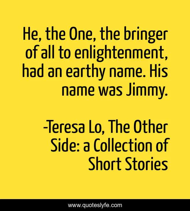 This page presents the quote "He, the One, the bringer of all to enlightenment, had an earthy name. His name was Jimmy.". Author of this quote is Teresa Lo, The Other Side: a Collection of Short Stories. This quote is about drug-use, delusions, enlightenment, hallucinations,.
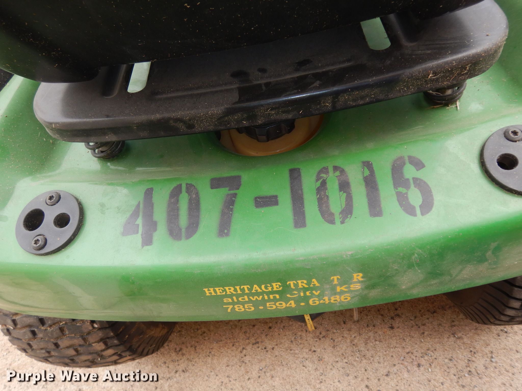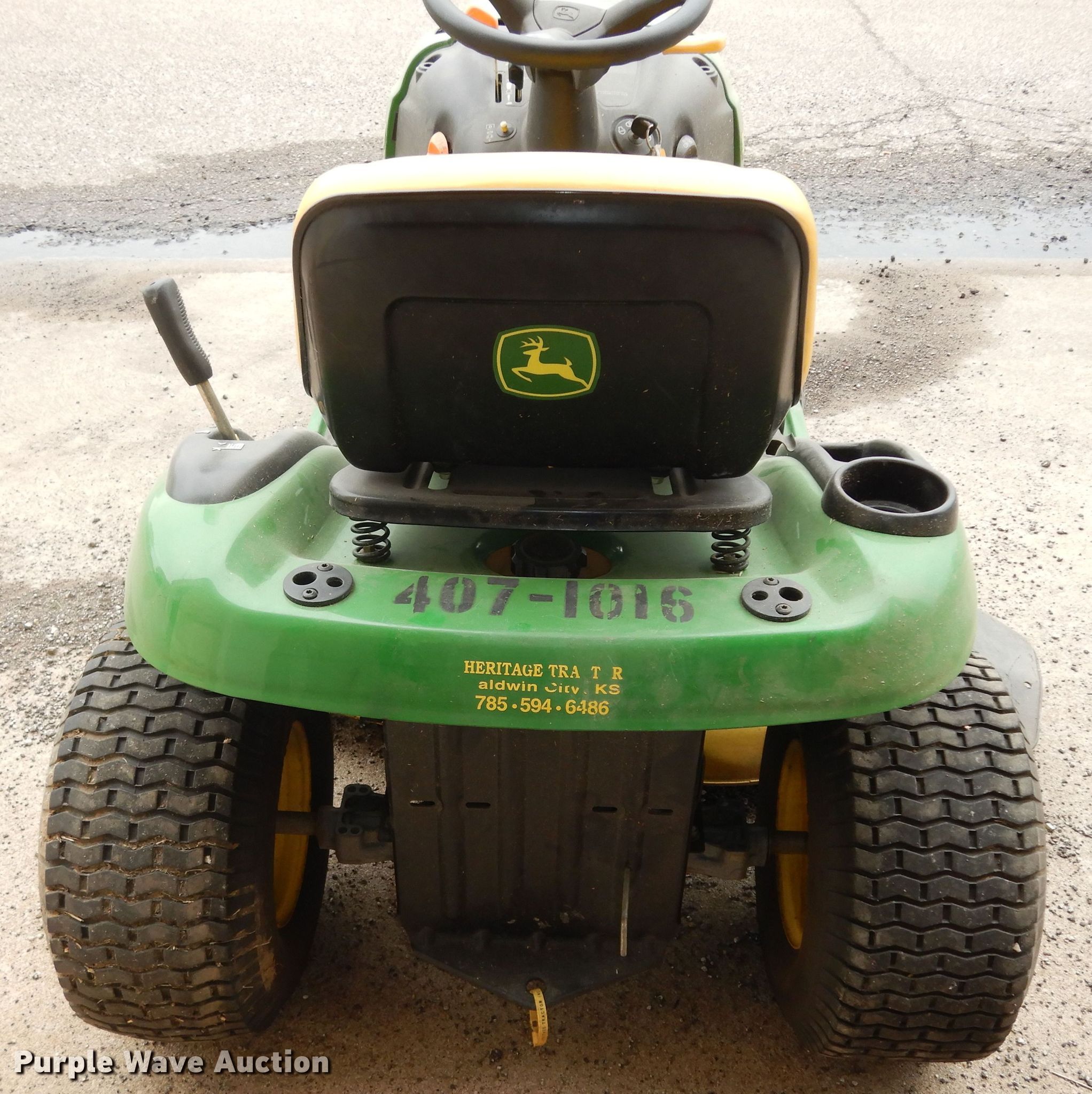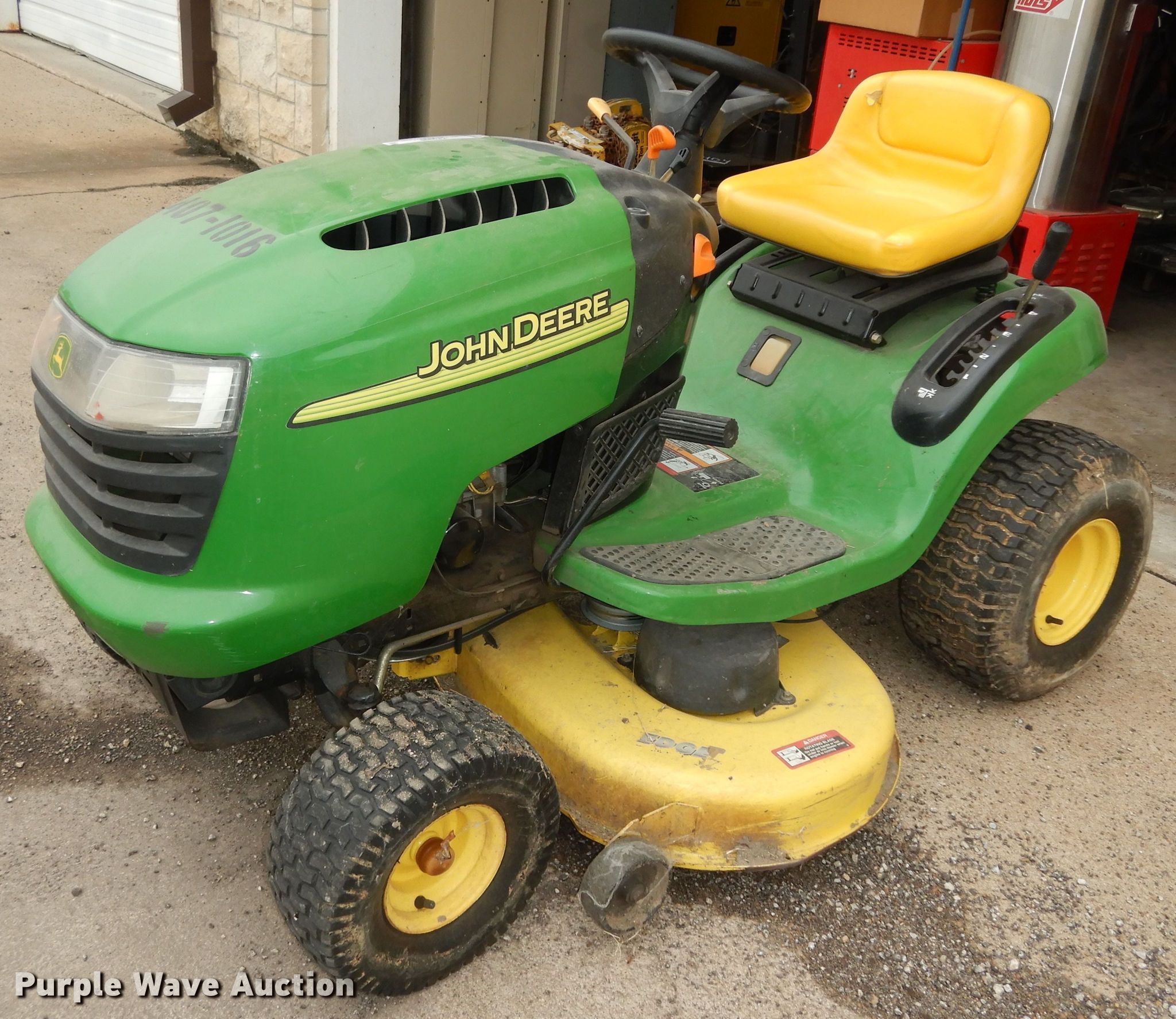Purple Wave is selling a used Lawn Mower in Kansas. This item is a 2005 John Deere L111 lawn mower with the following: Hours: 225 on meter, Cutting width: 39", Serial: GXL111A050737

◇ ◇ ◇ ◇ ◇

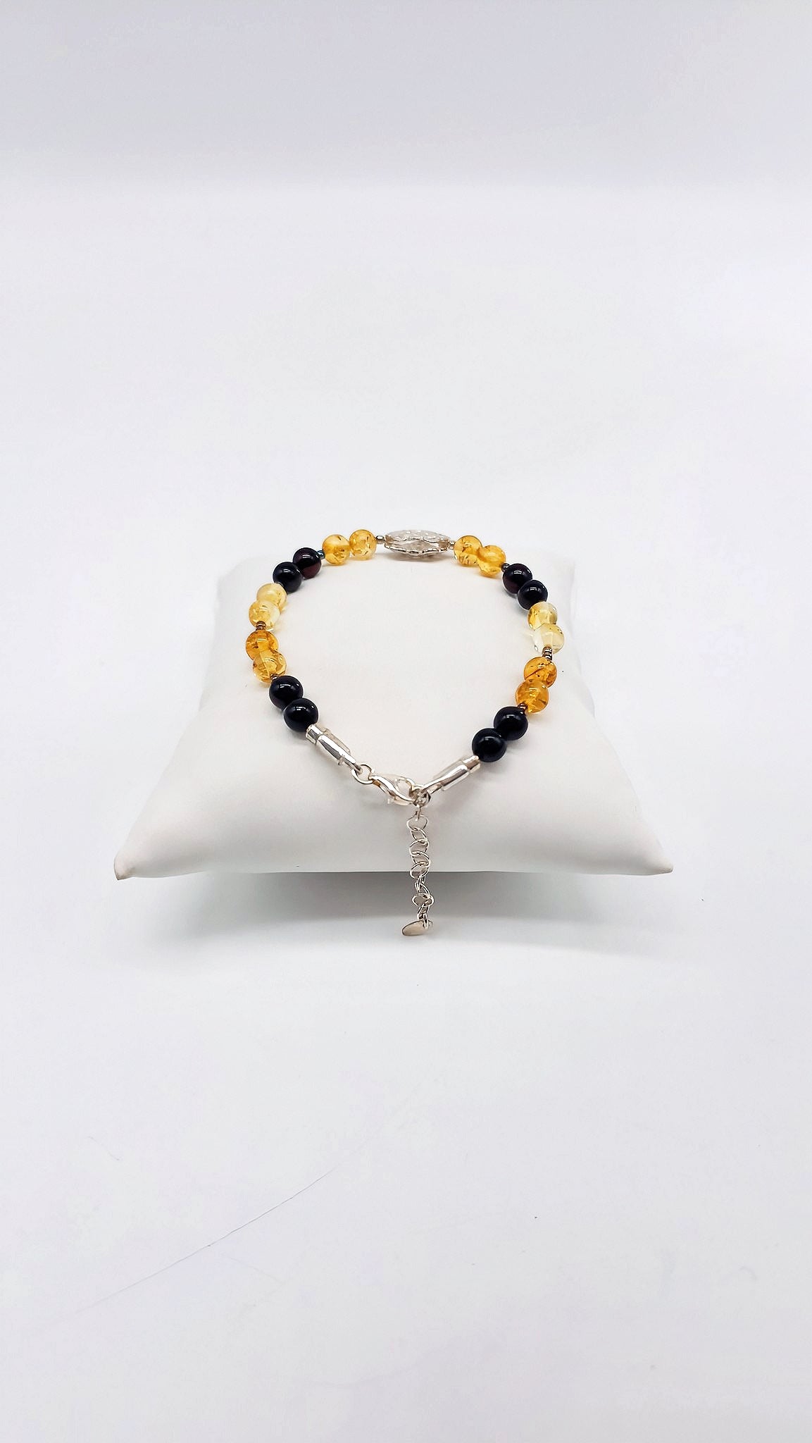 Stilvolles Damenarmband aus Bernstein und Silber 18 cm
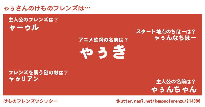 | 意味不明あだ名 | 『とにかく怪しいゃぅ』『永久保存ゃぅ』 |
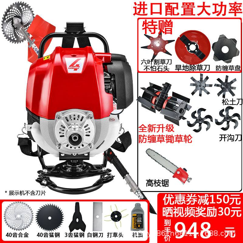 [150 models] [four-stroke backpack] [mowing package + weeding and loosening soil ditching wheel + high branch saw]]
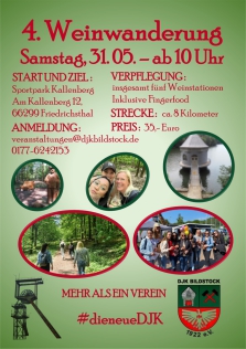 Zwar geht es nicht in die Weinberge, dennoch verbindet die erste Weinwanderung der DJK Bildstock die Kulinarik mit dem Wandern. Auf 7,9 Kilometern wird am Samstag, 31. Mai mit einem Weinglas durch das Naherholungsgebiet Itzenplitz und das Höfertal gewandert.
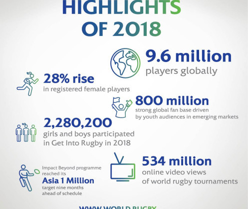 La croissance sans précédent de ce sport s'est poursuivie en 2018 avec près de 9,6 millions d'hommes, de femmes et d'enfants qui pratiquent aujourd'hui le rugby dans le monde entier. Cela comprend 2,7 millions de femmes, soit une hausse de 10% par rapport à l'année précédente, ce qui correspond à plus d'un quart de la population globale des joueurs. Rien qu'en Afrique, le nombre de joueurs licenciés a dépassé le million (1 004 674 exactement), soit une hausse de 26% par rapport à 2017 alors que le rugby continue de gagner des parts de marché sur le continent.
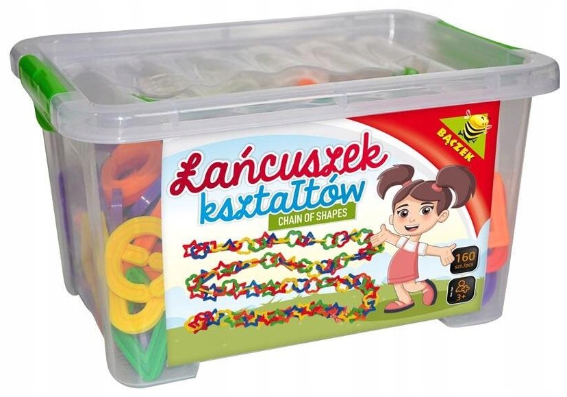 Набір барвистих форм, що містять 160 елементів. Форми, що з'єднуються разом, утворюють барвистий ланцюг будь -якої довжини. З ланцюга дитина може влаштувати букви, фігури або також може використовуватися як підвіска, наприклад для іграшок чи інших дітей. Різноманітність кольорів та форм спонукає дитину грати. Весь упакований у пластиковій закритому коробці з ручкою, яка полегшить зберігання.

◇ ◇ ◇ ◇ ◇

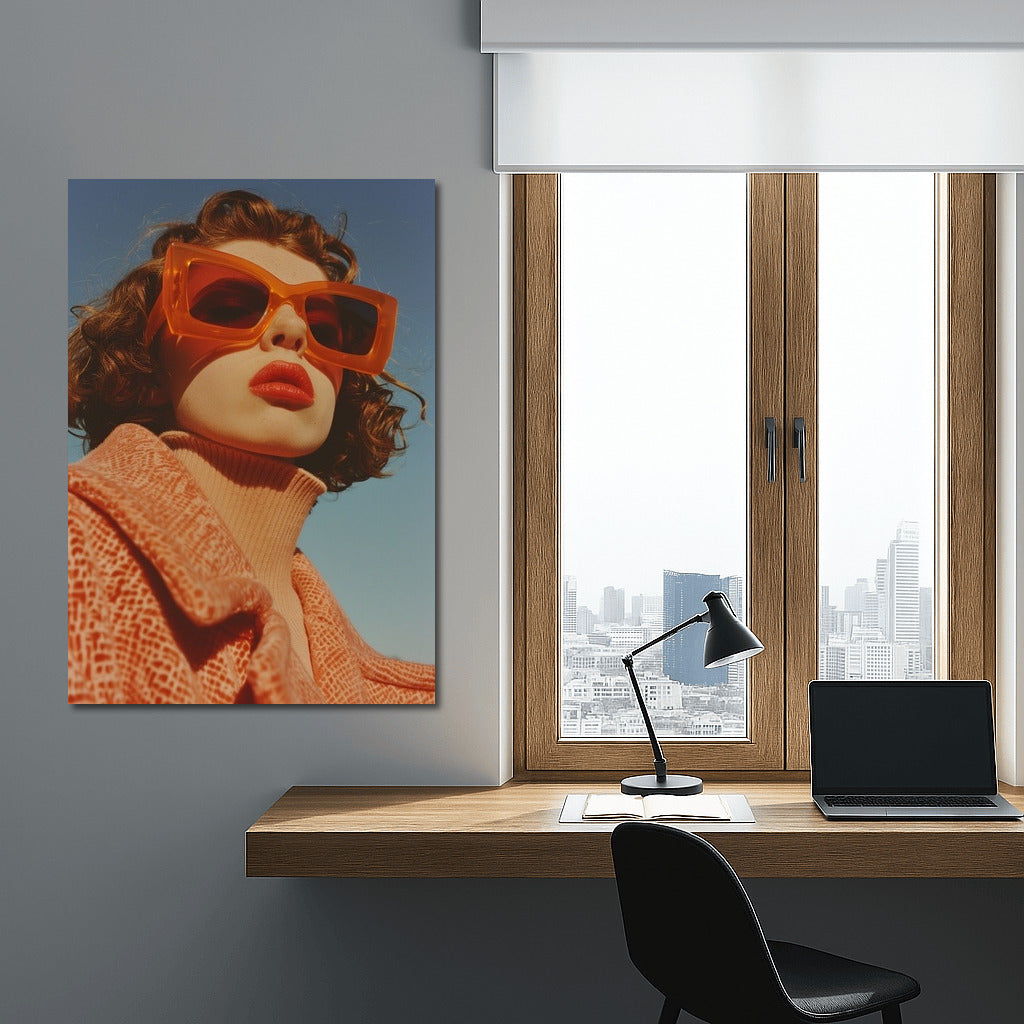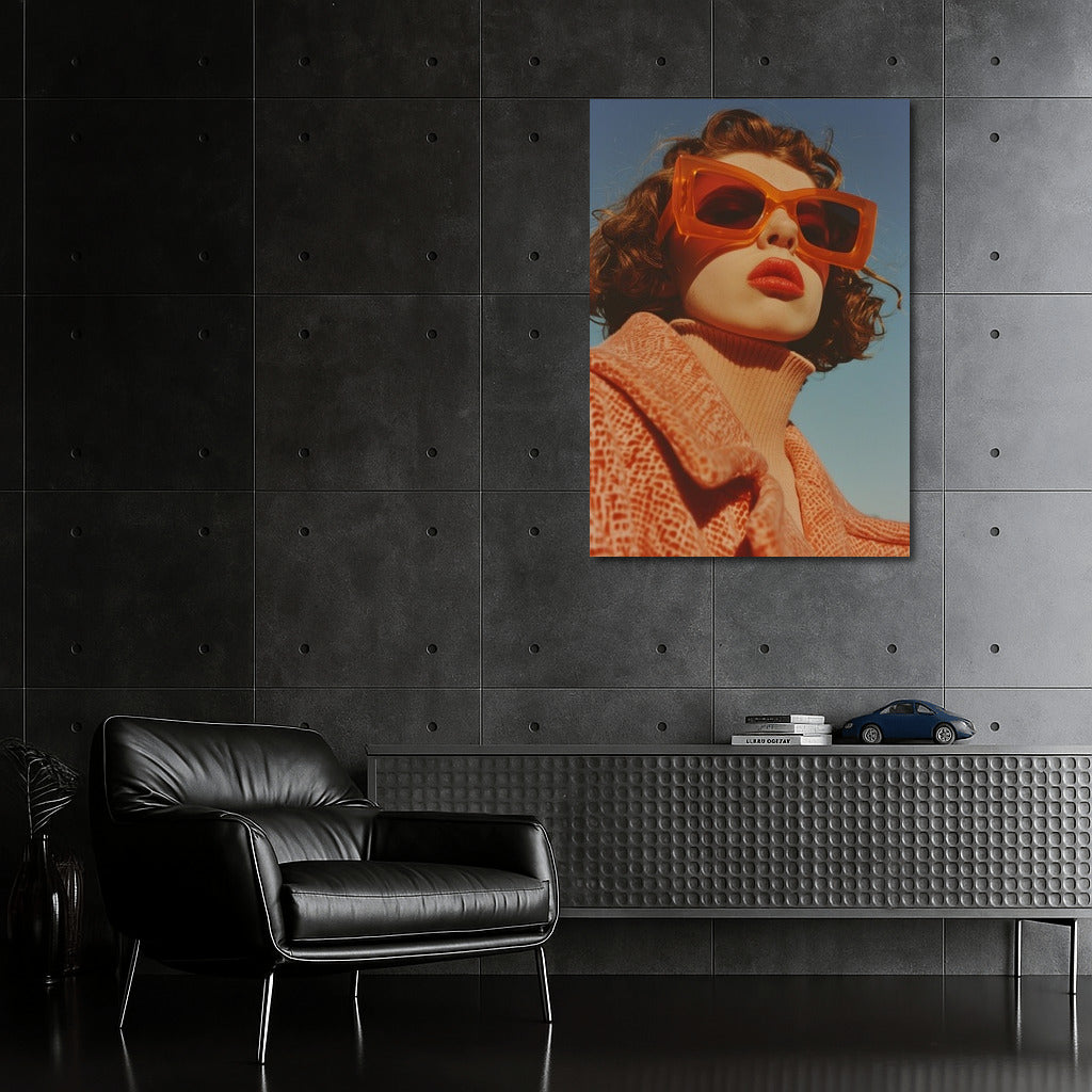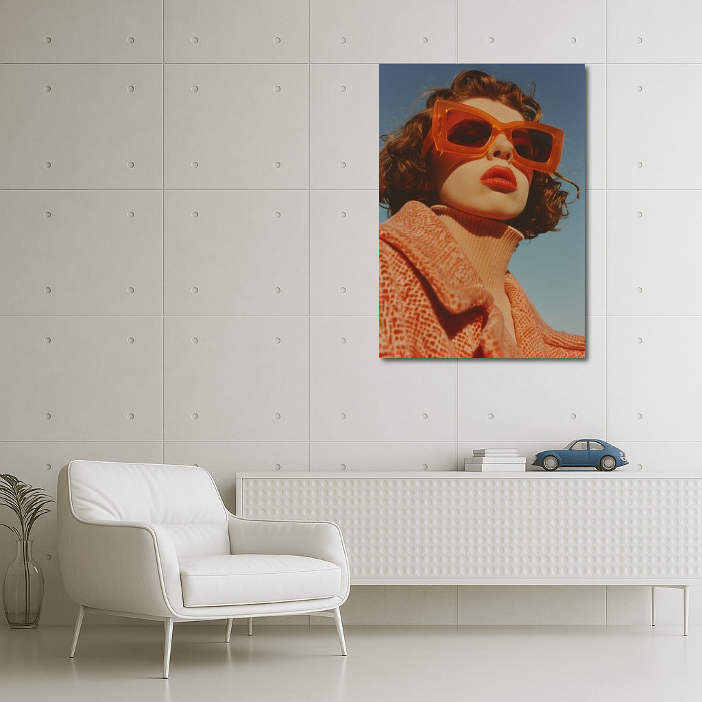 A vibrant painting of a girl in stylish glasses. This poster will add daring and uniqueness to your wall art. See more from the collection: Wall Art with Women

◇ ◇ ◇ ◇ ◇

Work task
Would you give again, exactly, the lines in the data above that run from the line containing "This page presents" to the line containing "Purple Wave is"? Include both ends and no pictures.

Your response
 This page presents the quote "He, the One, the bringer of all to enlightenment, had an earthy name. His name was Jimmy.". Author of this quote is Teresa Lo, The Other Side: a Collection of Short Stories. This quote is about drug-use, delusions, enlightenment, hallucinations,.
Purple Wave is selling a used Lawn Mower in Kansas. This item is a 2005 John Deere L111 lawn mower with the following: Hours: 225 on meter, Cutting width: 39", Serial: GXL111A050737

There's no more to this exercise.